Sarcoidosis of the lung
Patient Presentation:
A 28-year-old African American female (HM) with no significant past medical history presents to the office complaining of shortness of breath beginning suddenly three days ago while she was sitting at work as a librarian at the local county library. Patient describes shortness of breath as “pressure and tightness” in upper chest area that is constant and is unaffected by physical activity and/or rest. Patient also reports a dry cough, mild chest pain localized to the same location of as the pressure, and feelings of weakness, malaise, and fever (denies using thermometer to measure temperature). Patient reports trying to “rest” by not going to work for two days in order to relieve dyspnea; however, patient denies feeling any relief of symptoms since onset three days ago hence her presence at the office today. Patient reports severity as 6 out of 10; however, she complains of increasing anxiety due to prolonged presence of symptoms. Of note, patient denies history of hemoptysis, sleep apnea, asthma, bronchitis, TB, recent travel, sick contact and occupational or environmental exposure to toxins. Patient reports up-to-date immunizations and denies medication and/or environmental allergies. Physical examination (PE) is significant for normal vital signs except a fever noted at 101 degrees F. PE also revealed normal thorax with no apparent deformities or trauma with normal respiratory movements (no retractions or use of accessory muscles for breathing). On auscultation, dry frequent cough noted and wheezes heard bilaterally in upper lobes; lower lobes are clear and equal bilaterally. Heart sounds normal S1/S2 with no audible murmurs or rubs.
Differential List:
Given the non-emergent nature of the patient’s condition, she was worked up for non-emergent dyspnea with the initial assumption that the causative agent was infectious, such as bronchitis, pneumonia or tuberculosis.

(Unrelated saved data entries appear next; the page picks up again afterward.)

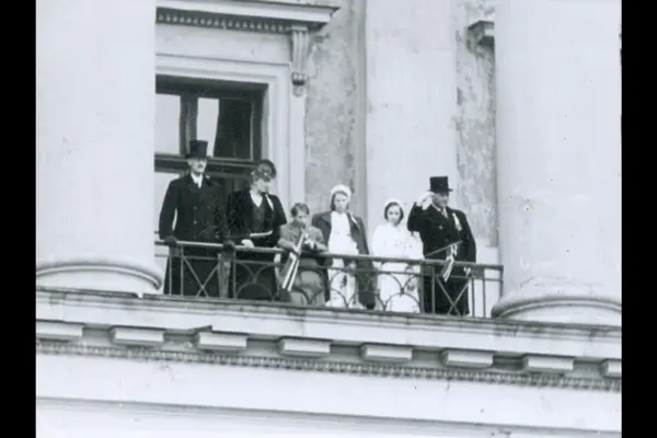 Kongefamilien på Slottsbalkongen 17. mai 1946. Kong Haakon VII, Kronprinsesse Märtha, Prins Harald, Prinsesse Ragnhild, Prinsesse Astrid og Kronprins Olav.
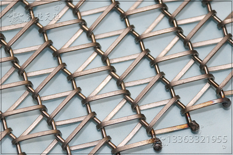 軋扁絲雙旋不銹鋼網帶:是先將絲壓扁在進行編織的網帶,是由左螺旋或者右螺旋盤條與一根穿條鏈接焊邊而成的,
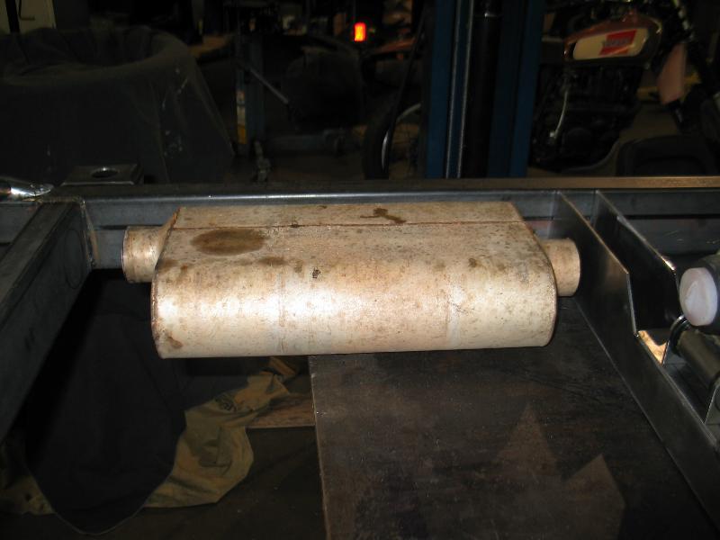 i used a Flowmaster muffler for mock up. its 4-inches tall which will fit inside the frame but will also drag on the ground.
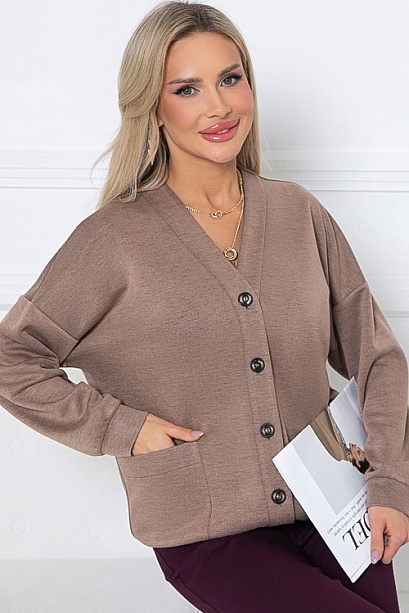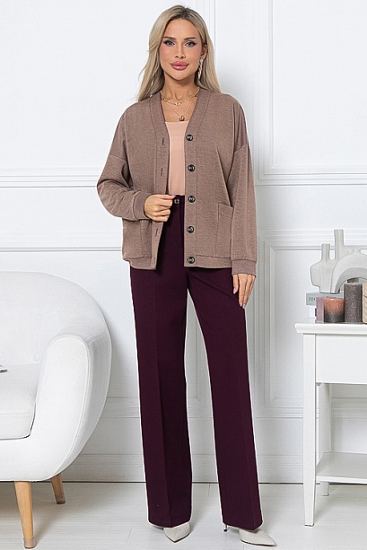 • Кардиган  свободного силуэта из комфортного  трикотажа с центральной застежкой по переду на петли и пуговицы, с удобными накладными карманами.
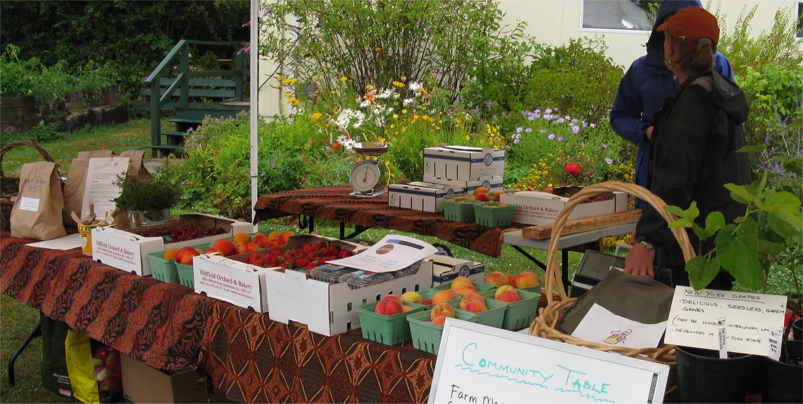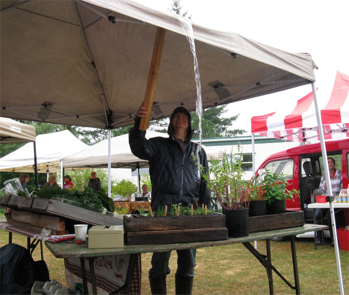 After six weeks of straight sunshine, last Saturday’s rainfall was a pleasure to the gardeners, not so much to those of us being dripped upon at the North Saanich Farm Market, where Slow Food had, for a second year, been invited to set up an information booth.
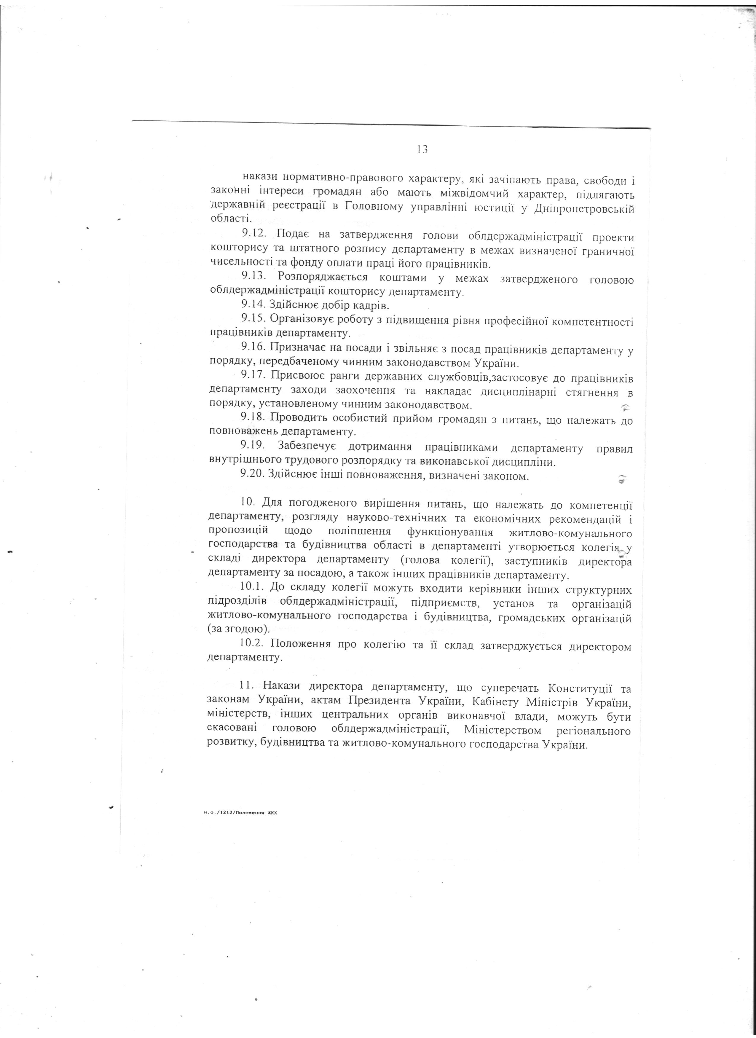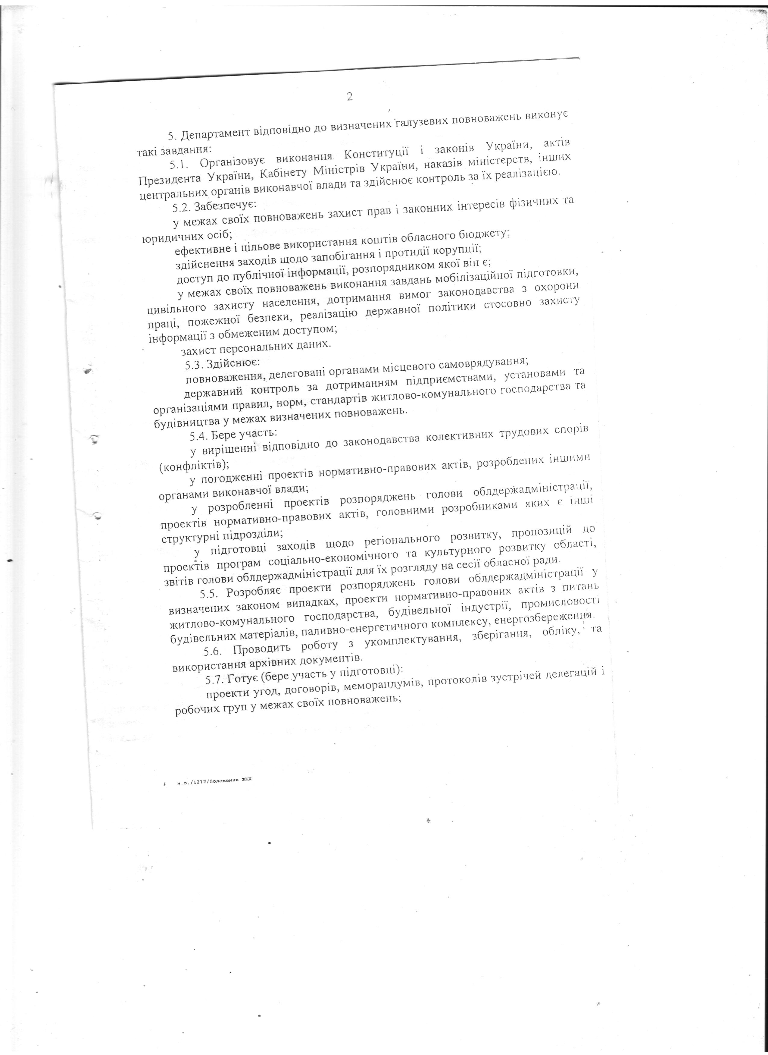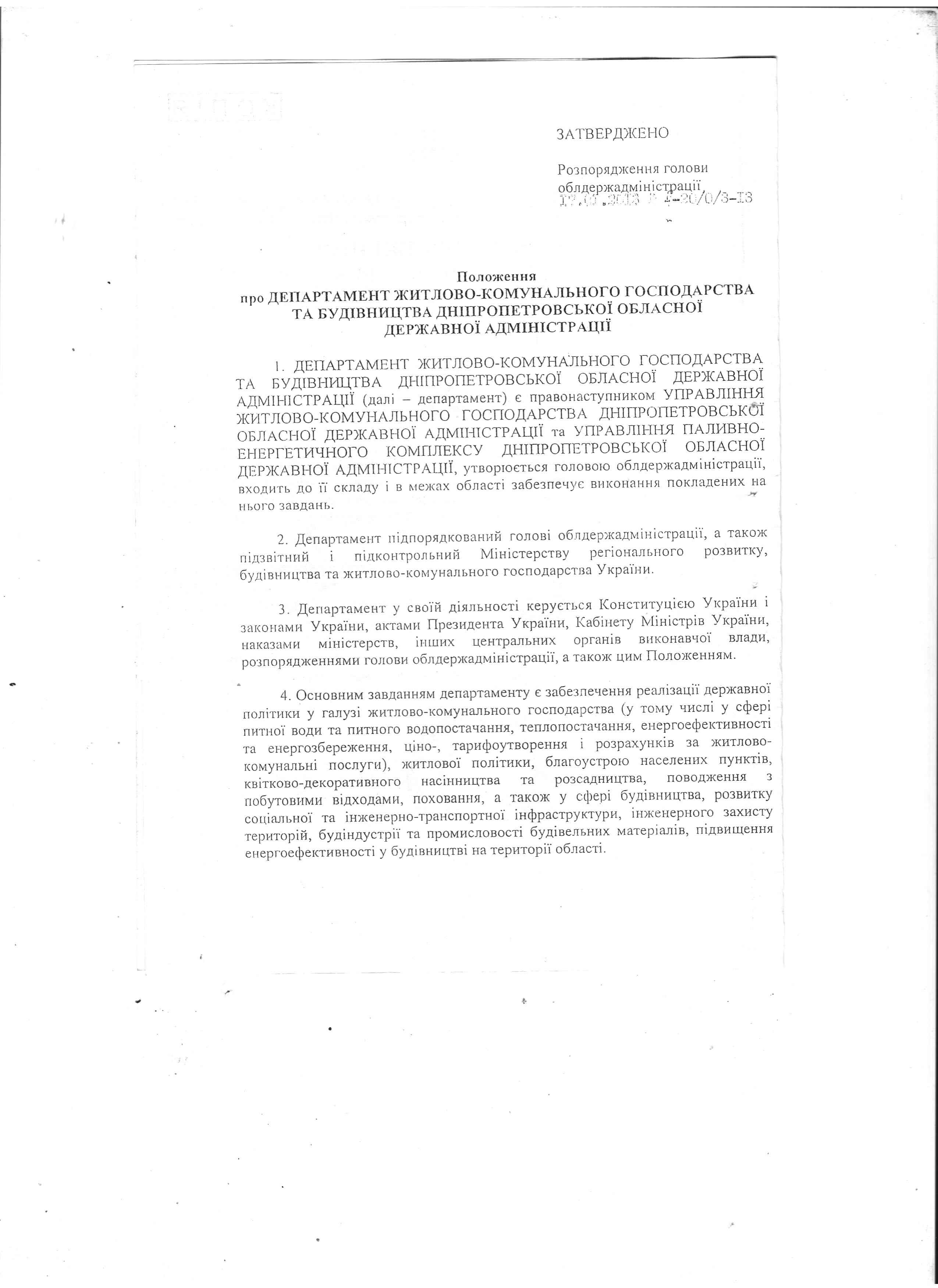 - статут Департамента житлово-комунального господарства та будівництва облдержадміністрації.
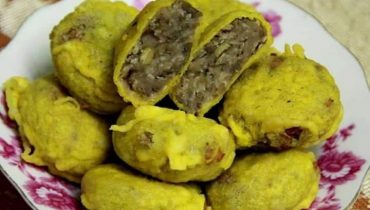 4) Golekkan pd bijan. lalu dimasukkan kedalam kuali berisi minyak 5) Pasang api dapur dan gorenglah hingga perang..
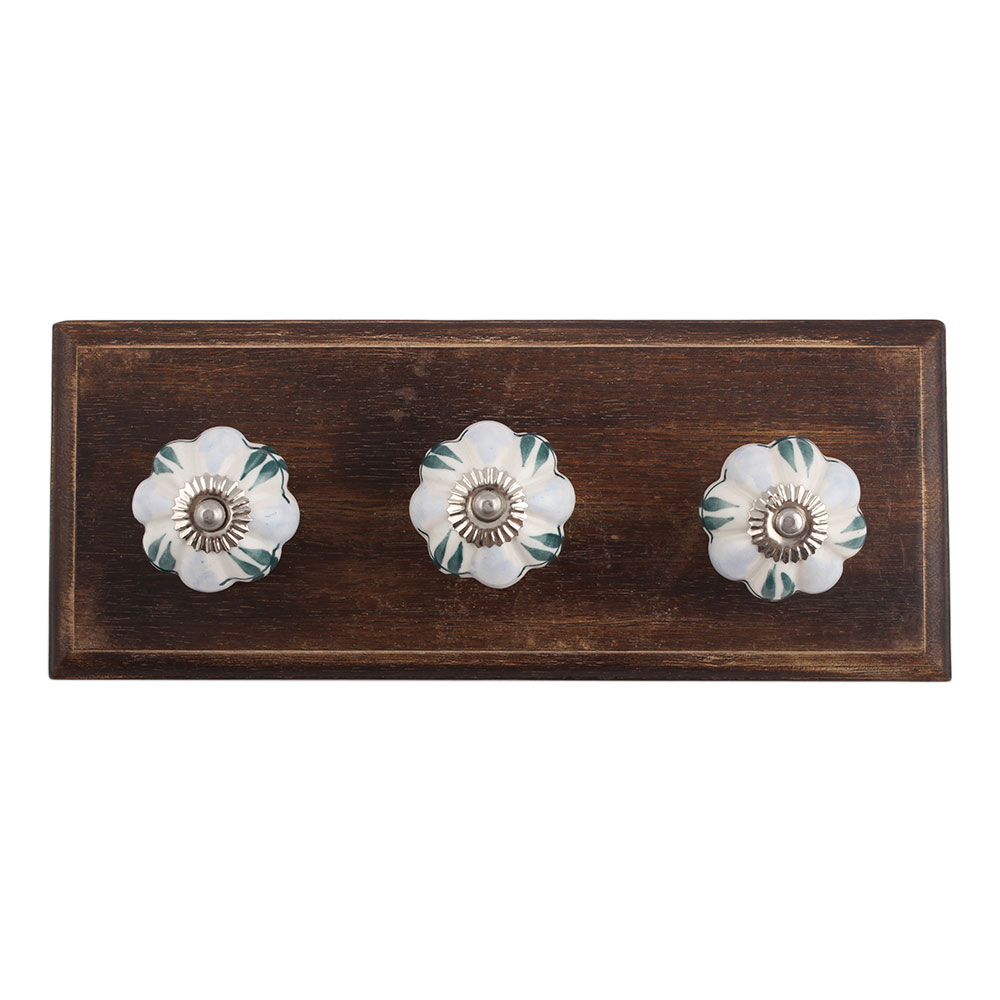 Light Blue Ceramic Wooden Hook. A Perfect Complement to the Soft Tone of the Wood are these White Traditional Hat & Coat Hook Made of Genuine Porcelain and Brass. It can be use to Hang Jewellery, Leashes, Towels, Scarves, Light Weight Sweaters, Caps Etc.

However, as soon as the radiological findings and lab work were complete, the clinical picture became clearer and the patient was diagnosed with sarcoidosis of the lung. The definitive findings that confirmed this diagnosis were bilateral hilar and mediastinal lymphadenopathy, pulmonary opacities and bronchial wall thickening. Chest radiograph revealed Stage II Sarcoidosis of the lung, which consists mostly of bilateral hilar adenopathy and reticular opacities in the upper lung zones. Patients with stage II sarcoidosis typically present with mild to moderate symptoms, most commonly cough, dyspnea, fever and/or easy fatigue.
Diagnosis:
Lab work revealed: eosinophilia, high erythrocyte sedimentation rate, negative for TB exposure or infection and hypergammaglobulinemia
Pulmonary function test revealed: Normal lung function. This is a normal finding in patients with mild to moderate, spontaneously occurring sarcoidosis of the lung. Pulmonary function tests are used to assess the course of the disease in the individual patient by sequential measurement. Bronchoalveolar lavage revealed: reduced number of CD8 cells, elevated CD4 to CD8 ratio and an increased amount of activated T cells, CD4 cells, immunoglobulins and IgG-secreting cells. Bronchoscopy with biopsy revealed noncaseating granulomas, which is the characteristic histopathological abnormality seen in sarcoidosis. Chest radiograph and CT scan revealed: Stage II sarcoidosis with bilateral hilar and mediastinal lymphadenopathy, reticular opacities in upper lung zones and bronchial wall thickening.
Treatment:
In most cases of mild sarcoidosis of the lung, symptoms resolve on their own without intervention or treatment; however, given that the patient reports increased anxiety and inability to fulfill activities of daily living, patient is prescribed oral glucocorticoids (prednisone typically) with an increased initial therapeutic dose, which decreases gradually into a maintenance dose. The glucocorticoids are prescribed to reduce the burden of the granulomatous inflammation and prevent the development of irreversible end-organ damage. Most patients discontinue glucocorticoids within one year. Follow-up every 4-8 weeks is required to monitor glucocorticoid use and side effects, as well as monitor disease course by assessing pulmonary function tests, spirometry, diffusing capacity, ambulatory oximetry, relevant lab work and chest x-rays. ROS and PE should also be completed at least every 3 months while disease is still active. In rare cases, condition may worsen or become chronic in which case lung transplant is considered. Care after lung transplant would require intense immunosuppressant therapy to prevent both rejection and sarcoidosis of the new lung tissue.
Outcome:
In most cases, patients recover from active disease within two years of onset of symptoms without any long-term complications or end-organ damage. In this patient’s case, long-term implications of glucocorticoid use must be assessed and treatment cessation will require medication tapering and frequent follow-up.
Case created by Hannah MacIntyre, 2011.